===== Excerpted data =====

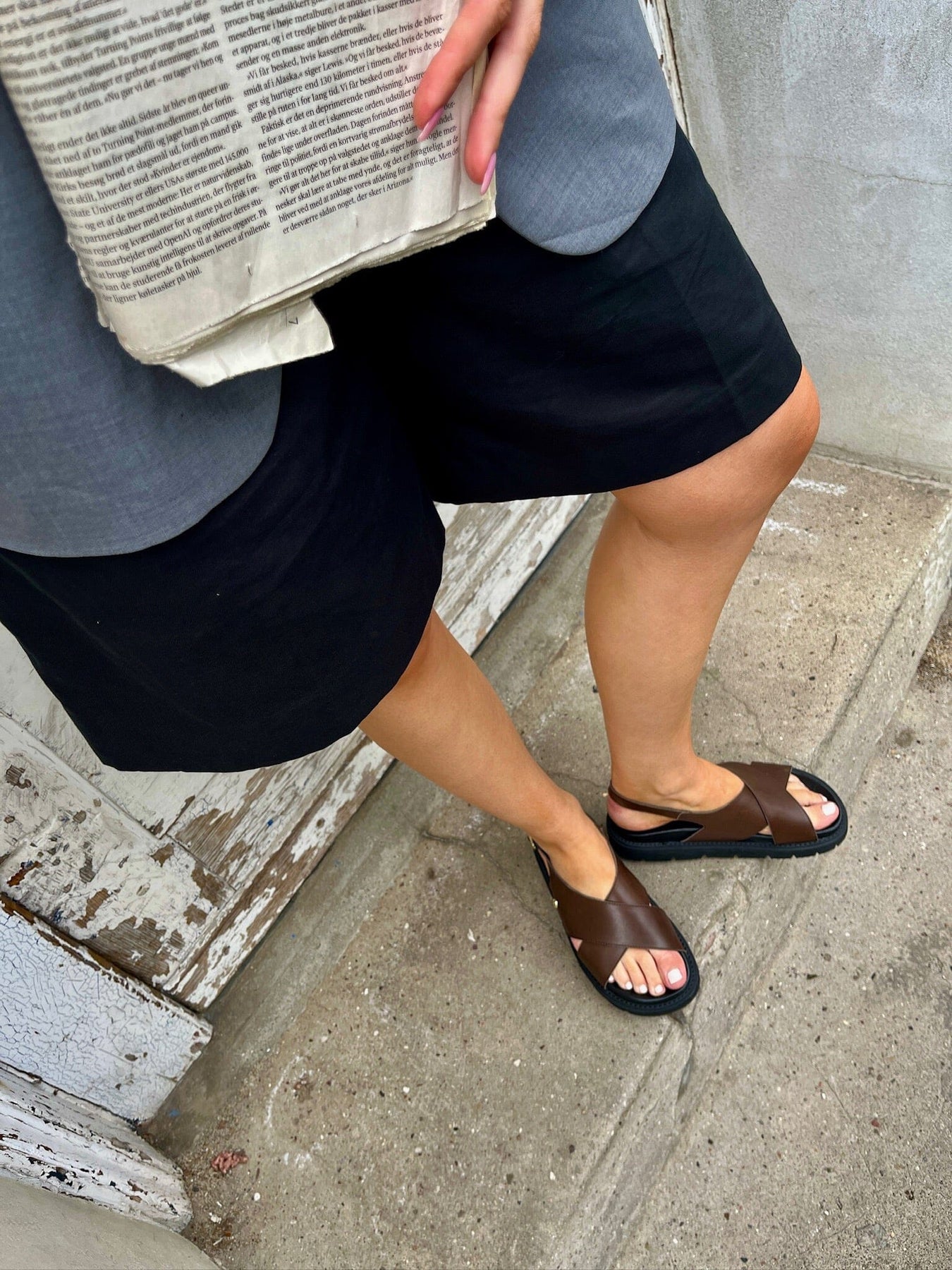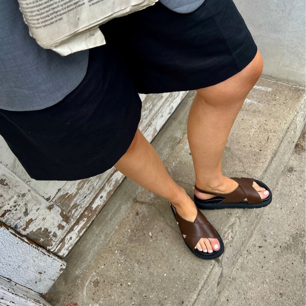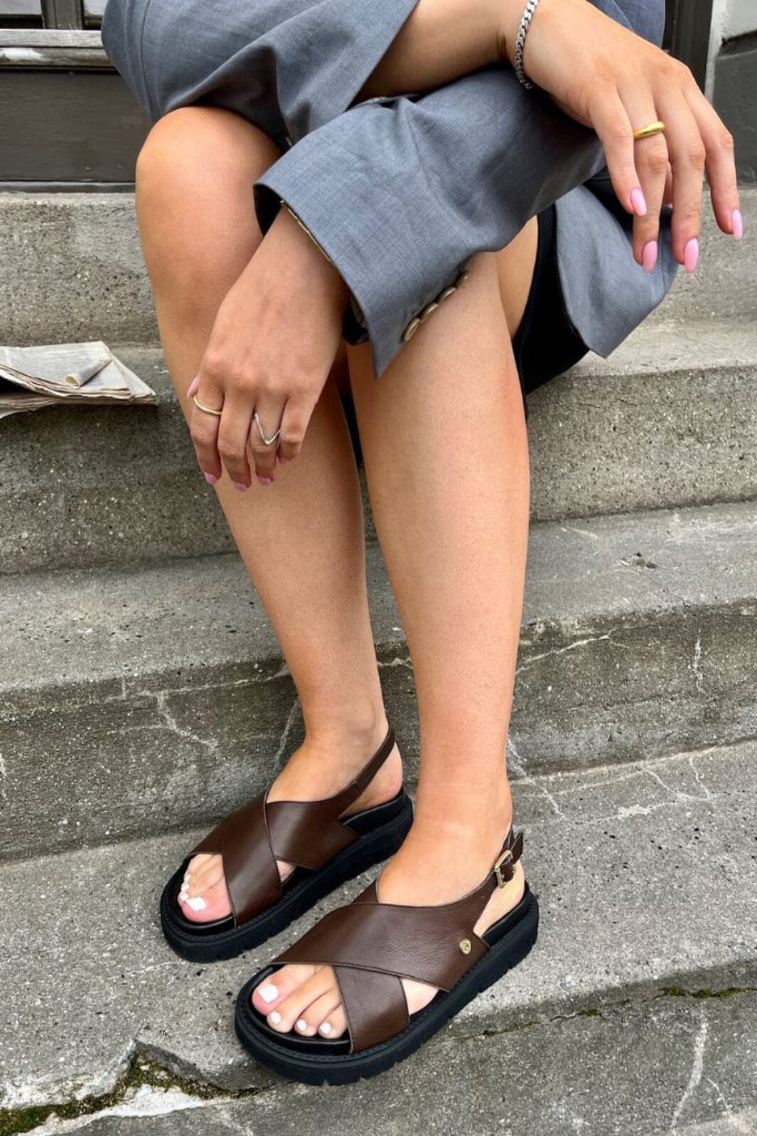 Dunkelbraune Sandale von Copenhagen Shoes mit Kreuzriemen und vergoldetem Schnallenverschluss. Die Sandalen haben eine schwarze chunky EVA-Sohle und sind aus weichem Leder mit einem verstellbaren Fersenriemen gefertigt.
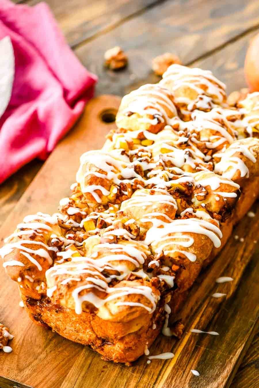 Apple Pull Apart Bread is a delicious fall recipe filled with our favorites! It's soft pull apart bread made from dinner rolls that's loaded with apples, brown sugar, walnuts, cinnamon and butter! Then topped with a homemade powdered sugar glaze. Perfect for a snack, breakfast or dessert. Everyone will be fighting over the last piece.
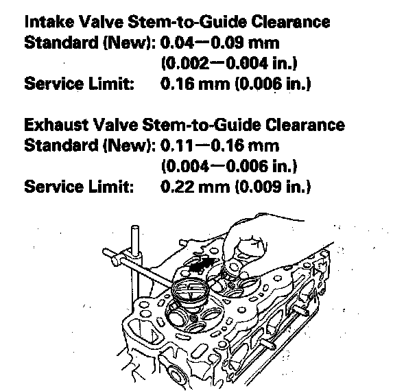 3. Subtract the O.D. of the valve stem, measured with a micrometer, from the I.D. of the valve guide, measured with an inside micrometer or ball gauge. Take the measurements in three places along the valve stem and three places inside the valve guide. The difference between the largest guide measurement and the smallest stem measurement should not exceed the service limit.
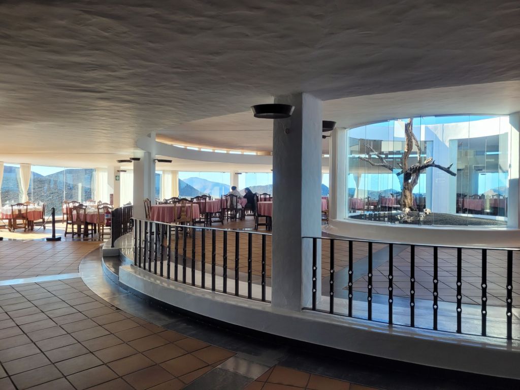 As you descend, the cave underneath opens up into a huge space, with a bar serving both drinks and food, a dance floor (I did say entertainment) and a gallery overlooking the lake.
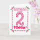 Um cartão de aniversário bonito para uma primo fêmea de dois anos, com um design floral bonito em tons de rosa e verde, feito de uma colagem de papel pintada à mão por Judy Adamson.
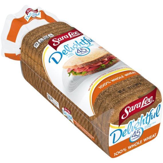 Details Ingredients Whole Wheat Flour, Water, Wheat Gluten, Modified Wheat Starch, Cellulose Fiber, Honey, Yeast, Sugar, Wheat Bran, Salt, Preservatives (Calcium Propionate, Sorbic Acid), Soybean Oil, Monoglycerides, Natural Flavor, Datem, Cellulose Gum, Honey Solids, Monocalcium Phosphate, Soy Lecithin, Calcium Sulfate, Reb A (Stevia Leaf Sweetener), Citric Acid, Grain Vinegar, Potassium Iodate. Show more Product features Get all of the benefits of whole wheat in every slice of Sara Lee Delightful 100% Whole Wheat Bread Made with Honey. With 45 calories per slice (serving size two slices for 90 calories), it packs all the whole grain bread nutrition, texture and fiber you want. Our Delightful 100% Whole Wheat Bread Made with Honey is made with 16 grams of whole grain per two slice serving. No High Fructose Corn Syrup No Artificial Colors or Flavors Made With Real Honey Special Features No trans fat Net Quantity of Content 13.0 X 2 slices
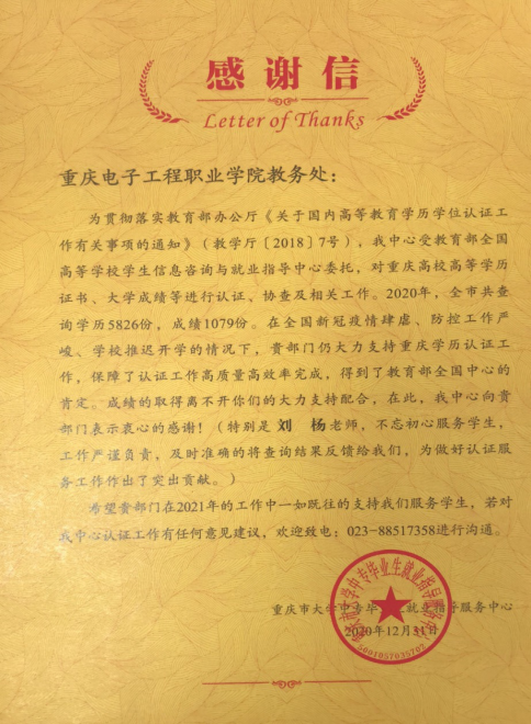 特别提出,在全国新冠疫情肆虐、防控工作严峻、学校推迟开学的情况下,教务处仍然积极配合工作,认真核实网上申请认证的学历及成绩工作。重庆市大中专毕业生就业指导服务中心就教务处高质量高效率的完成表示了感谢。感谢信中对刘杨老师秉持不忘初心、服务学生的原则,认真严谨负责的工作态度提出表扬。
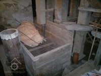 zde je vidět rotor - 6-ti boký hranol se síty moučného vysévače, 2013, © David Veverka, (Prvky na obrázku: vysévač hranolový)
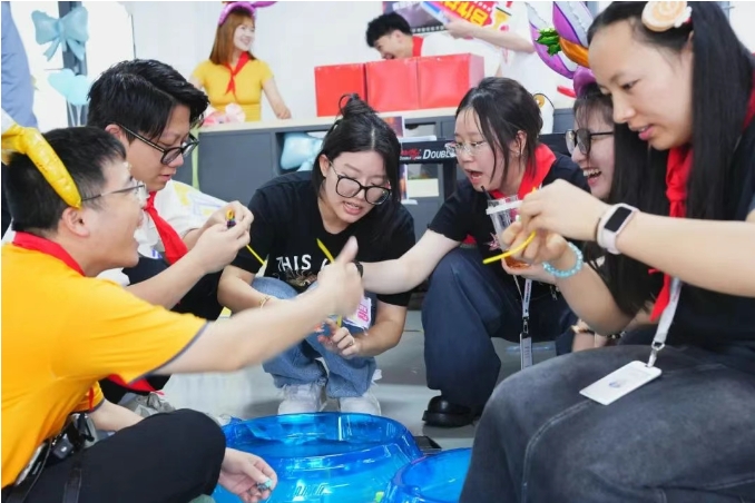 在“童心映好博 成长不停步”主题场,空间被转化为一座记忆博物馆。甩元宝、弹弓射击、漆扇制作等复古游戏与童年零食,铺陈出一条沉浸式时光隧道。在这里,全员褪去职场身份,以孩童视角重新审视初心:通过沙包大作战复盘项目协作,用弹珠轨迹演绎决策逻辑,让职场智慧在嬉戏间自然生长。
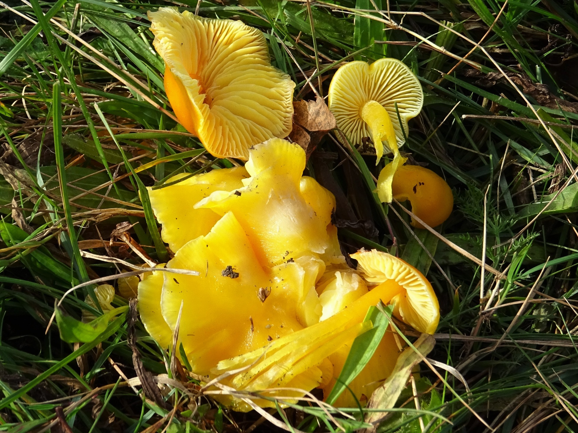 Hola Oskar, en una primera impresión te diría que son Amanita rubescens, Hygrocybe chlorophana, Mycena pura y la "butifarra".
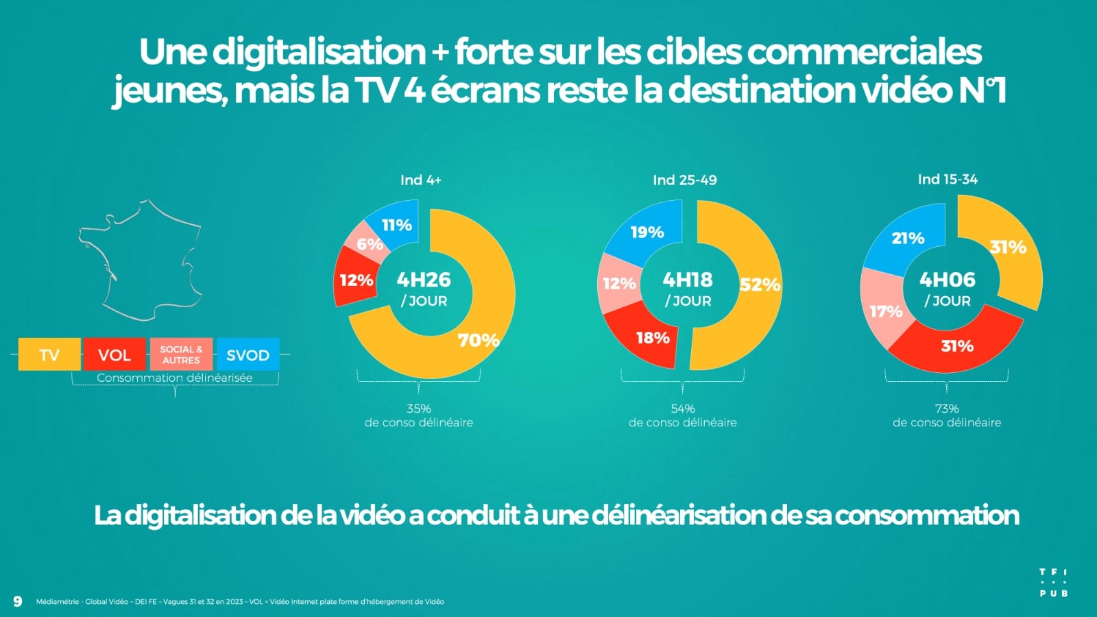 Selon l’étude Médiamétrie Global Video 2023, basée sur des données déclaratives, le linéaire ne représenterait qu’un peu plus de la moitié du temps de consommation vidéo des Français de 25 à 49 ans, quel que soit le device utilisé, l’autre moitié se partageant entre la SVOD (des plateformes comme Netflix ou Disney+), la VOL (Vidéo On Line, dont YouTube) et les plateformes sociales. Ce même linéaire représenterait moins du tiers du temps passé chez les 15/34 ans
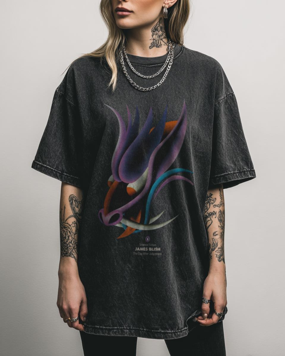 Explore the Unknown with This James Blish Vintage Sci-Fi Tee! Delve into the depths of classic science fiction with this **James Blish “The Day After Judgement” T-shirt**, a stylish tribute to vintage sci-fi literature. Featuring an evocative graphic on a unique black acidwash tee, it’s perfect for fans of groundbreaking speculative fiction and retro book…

=====

- [What to do] Everything in the records except the pictures should be retyped exactly.

- [Answer section]
 Dunkelbraune Sandale von Copenhagen Shoes mit Kreuzriemen und vergoldetem Schnallenverschluss. Die Sandalen haben eine schwarze chunky EVA-Sohle und sind aus weichem Leder mit einem verstellbaren Fersenriemen gefertigt.
 Apple Pull Apart Bread is a delicious fall recipe filled with our favorites! It's soft pull apart bread made from dinner rolls that's loaded with apples, brown sugar, walnuts, cinnamon and butter! Then topped with a homemade powdered sugar glaze. Perfect for a snack, breakfast or dessert. Everyone will be fighting over the last piece.
 3. Subtract the O.D. of the valve stem, measured with a micrometer, from the I.D. of the valve guide, measured with an inside micrometer or ball gauge. Take the measurements in three places along the valve stem and three places inside the valve guide. The difference between the largest guide measurement and the smallest stem measurement should not exceed the service limit.
 As you descend, the cave underneath opens up into a huge space, with a bar serving both drinks and food, a dance floor (I did say entertainment) and a gallery overlooking the lake.
 Um cartão de aniversário bonito para uma primo fêmea de dois anos, com um design floral bonito em tons de rosa e verde, feito de uma colagem de papel pintada à mão por Judy Adamson.
 Details Ingredients Whole Wheat Flour, Water, Wheat Gluten, Modified Wheat Starch, Cellulose Fiber, Honey, Yeast, Sugar, Wheat Bran, Salt, Preservatives (Calcium Propionate, Sorbic Acid), Soybean Oil, Monoglycerides, Natural Flavor, Datem, Cellulose Gum, Honey Solids, Monocalcium Phosphate, Soy Lecithin, Calcium Sulfate, Reb A (Stevia Leaf Sweetener), Citric Acid, Grain Vinegar, Potassium Iodate. Show more Product features Get all of the benefits of whole wheat in every slice of Sara Lee Delightful 100% Whole Wheat Bread Made with Honey. With 45 calories per slice (serving size two slices for 90 calories), it packs all the whole grain bread nutrition, texture and fiber you want. Our Delightful 100% Whole Wheat Bread Made with Honey is made with 16 grams of whole grain per two slice serving. No High Fructose Corn Syrup No Artificial Colors or Flavors Made With Real Honey Special Features No trans fat Net Quantity of Content 13.0 X 2 slices
 特别提出,在全国新冠疫情肆虐、防控工作严峻、学校推迟开学的情况下,教务处仍然积极配合工作,认真核实网上申请认证的学历及成绩工作。重庆市大中专毕业生就业指导服务中心就教务处高质量高效率的完成表示了感谢。感谢信中对刘杨老师秉持不忘初心、服务学生的原则,认真严谨负责的工作态度提出表扬。
 zde je vidět rotor - 6-ti boký hranol se síty moučného vysévače, 2013, © David Veverka, (Prvky na obrázku: vysévač hranolový)
 在“童心映好博 成长不停步”主题场,空间被转化为一座记忆博物馆。甩元宝、弹弓射击、漆扇制作等复古游戏与童年零食,铺陈出一条沉浸式时光隧道。在这里,全员褪去职场身份,以孩童视角重新审视初心:通过沙包大作战复盘项目协作,用弹珠轨迹演绎决策逻辑,让职场智慧在嬉戏间自然生长。
 Hola Oskar, en una primera impresión te diría que son Amanita rubescens, Hygrocybe chlorophana, Mycena pura y la "butifarra".
 Selon l’étude Médiamétrie Global Video 2023, basée sur des données déclaratives, le linéaire ne représenterait qu’un peu plus de la moitié du temps de consommation vidéo des Français de 25 à 49 ans, quel que soit le device utilisé, l’autre moitié se partageant entre la SVOD (des plateformes comme Netflix ou Disney+), la VOL (Vidéo On Line, dont YouTube) et les plateformes sociales. Ce même linéaire représenterait moins du tiers du temps passé chez les 15/34 ans
 Explore the Unknown with This James Blish Vintage Sci-Fi Tee! Delve into the depths of classic science fiction with this **James Blish “The Day After Judgement” T-shirt**, a stylish tribute to vintage sci-fi literature. Featuring an evocative graphic on a unique black acidwash tee, it’s perfect for fans of groundbreaking speculative fiction and retro book…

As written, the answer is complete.